EXTRACTED DATA:
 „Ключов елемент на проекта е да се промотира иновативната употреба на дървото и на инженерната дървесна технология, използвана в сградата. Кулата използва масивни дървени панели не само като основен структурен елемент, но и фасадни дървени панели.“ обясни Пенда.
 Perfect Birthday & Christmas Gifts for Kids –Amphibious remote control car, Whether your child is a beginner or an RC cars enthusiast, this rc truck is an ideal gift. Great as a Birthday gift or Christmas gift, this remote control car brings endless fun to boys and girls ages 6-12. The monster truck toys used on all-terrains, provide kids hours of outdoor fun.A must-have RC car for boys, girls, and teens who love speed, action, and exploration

--

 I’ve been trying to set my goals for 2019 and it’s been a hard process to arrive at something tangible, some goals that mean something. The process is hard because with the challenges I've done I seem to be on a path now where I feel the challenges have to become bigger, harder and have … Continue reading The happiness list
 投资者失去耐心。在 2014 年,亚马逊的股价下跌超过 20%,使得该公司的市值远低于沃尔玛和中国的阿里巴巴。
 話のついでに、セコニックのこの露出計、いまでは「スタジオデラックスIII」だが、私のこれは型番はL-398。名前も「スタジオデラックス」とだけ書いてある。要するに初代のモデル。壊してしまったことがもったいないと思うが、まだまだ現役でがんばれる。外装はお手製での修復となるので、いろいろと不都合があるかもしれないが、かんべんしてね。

...

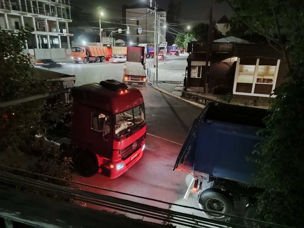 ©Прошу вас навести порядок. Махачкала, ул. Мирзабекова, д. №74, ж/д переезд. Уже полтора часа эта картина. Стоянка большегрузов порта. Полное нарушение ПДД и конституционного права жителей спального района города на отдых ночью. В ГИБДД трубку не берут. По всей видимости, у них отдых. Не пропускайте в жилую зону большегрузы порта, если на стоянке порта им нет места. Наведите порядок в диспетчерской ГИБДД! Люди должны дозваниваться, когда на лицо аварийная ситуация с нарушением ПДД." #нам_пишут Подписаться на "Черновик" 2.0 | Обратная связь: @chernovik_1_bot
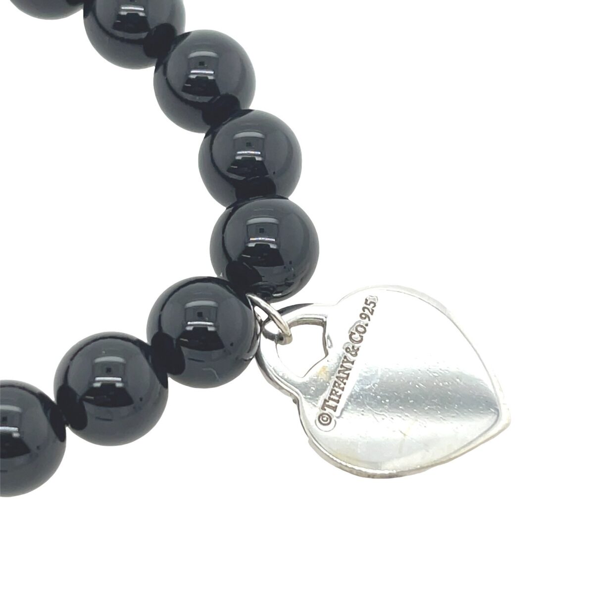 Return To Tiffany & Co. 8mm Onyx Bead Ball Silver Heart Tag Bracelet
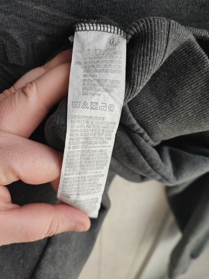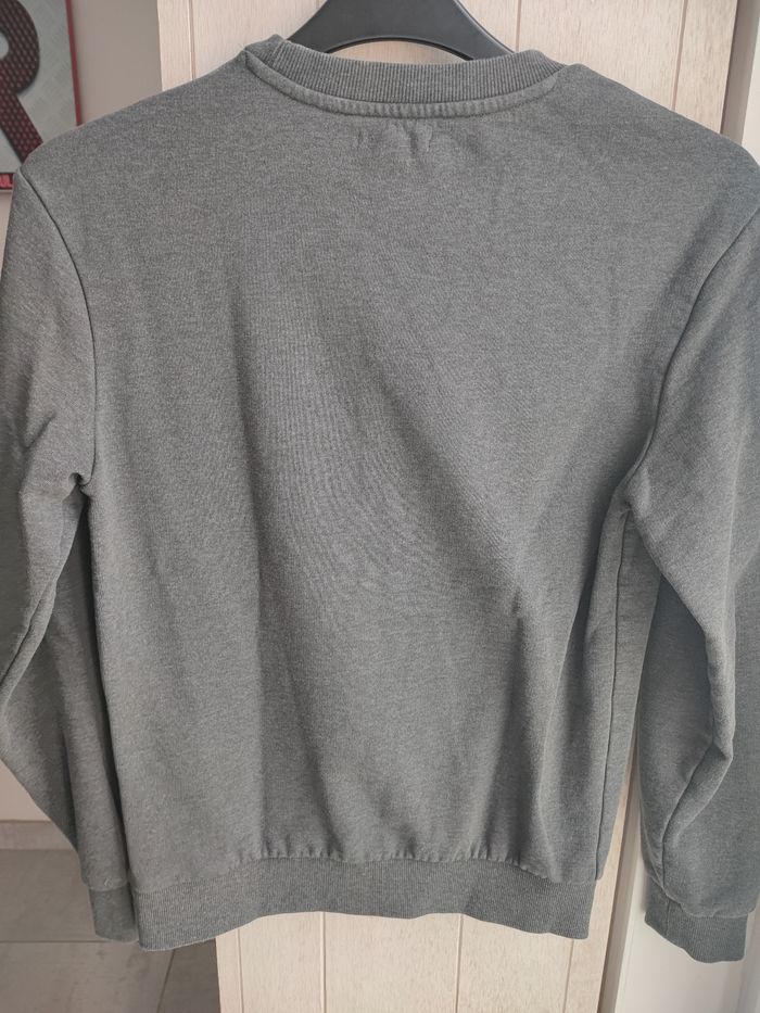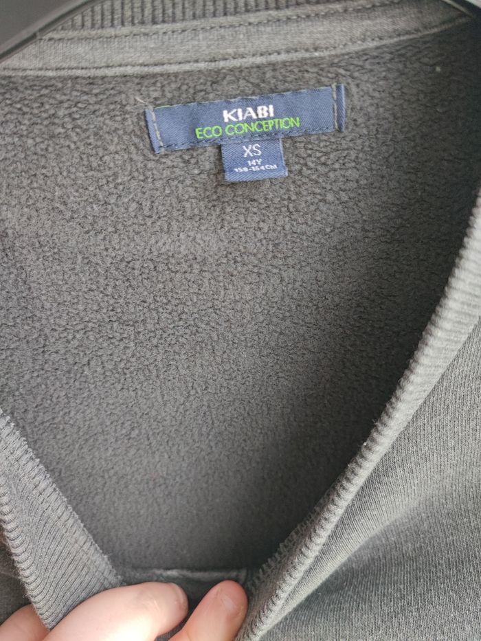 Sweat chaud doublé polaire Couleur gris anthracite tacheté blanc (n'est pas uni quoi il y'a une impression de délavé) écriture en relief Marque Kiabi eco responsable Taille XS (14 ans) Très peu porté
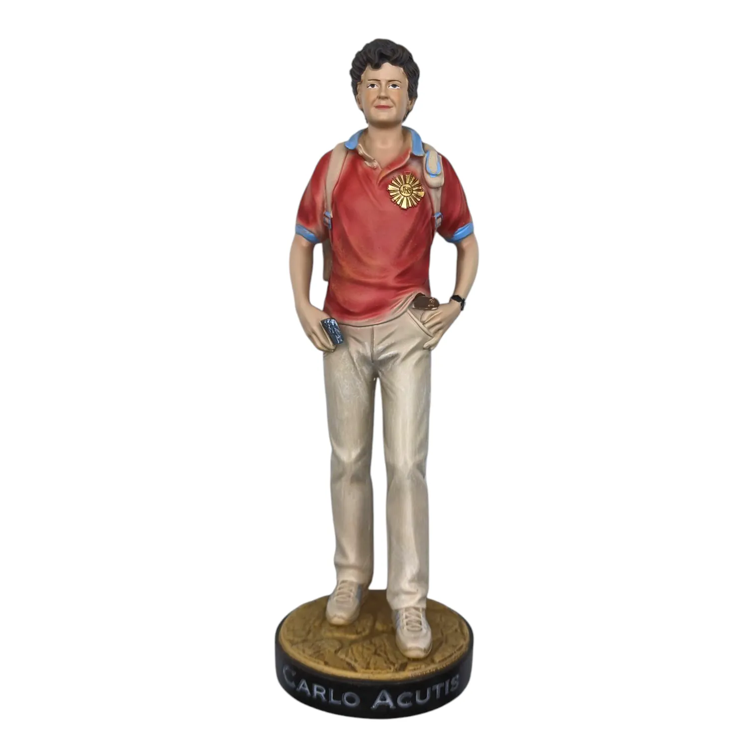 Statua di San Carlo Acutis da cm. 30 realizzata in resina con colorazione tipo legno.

WORK INSTRUCTIONS: Beginning at the line with "елемент на проекта" and stopping after the line with "Perfect Birthday &", please write out every line of the data above exactly and nothing else.

RESULT OF THE TASK:
 „Ключов елемент на проекта е да се промотира иновативната употреба на дървото и на инженерната дървесна технология, използвана в сградата. Кулата използва масивни дървени панели не само като основен структурен елемент, но и фасадни дървени панели.“ обясни Пенда.
 Perfect Birthday & Christmas Gifts for Kids –Amphibious remote control car, Whether your child is a beginner or an RC cars enthusiast, this rc truck is an ideal gift. Great as a Birthday gift or Christmas gift, this remote control car brings endless fun to boys and girls ages 6-12. The monster truck toys used on all-terrains, provide kids hours of outdoor fun.A must-have RC car for boys, girls, and teens who love speed, action, and exploration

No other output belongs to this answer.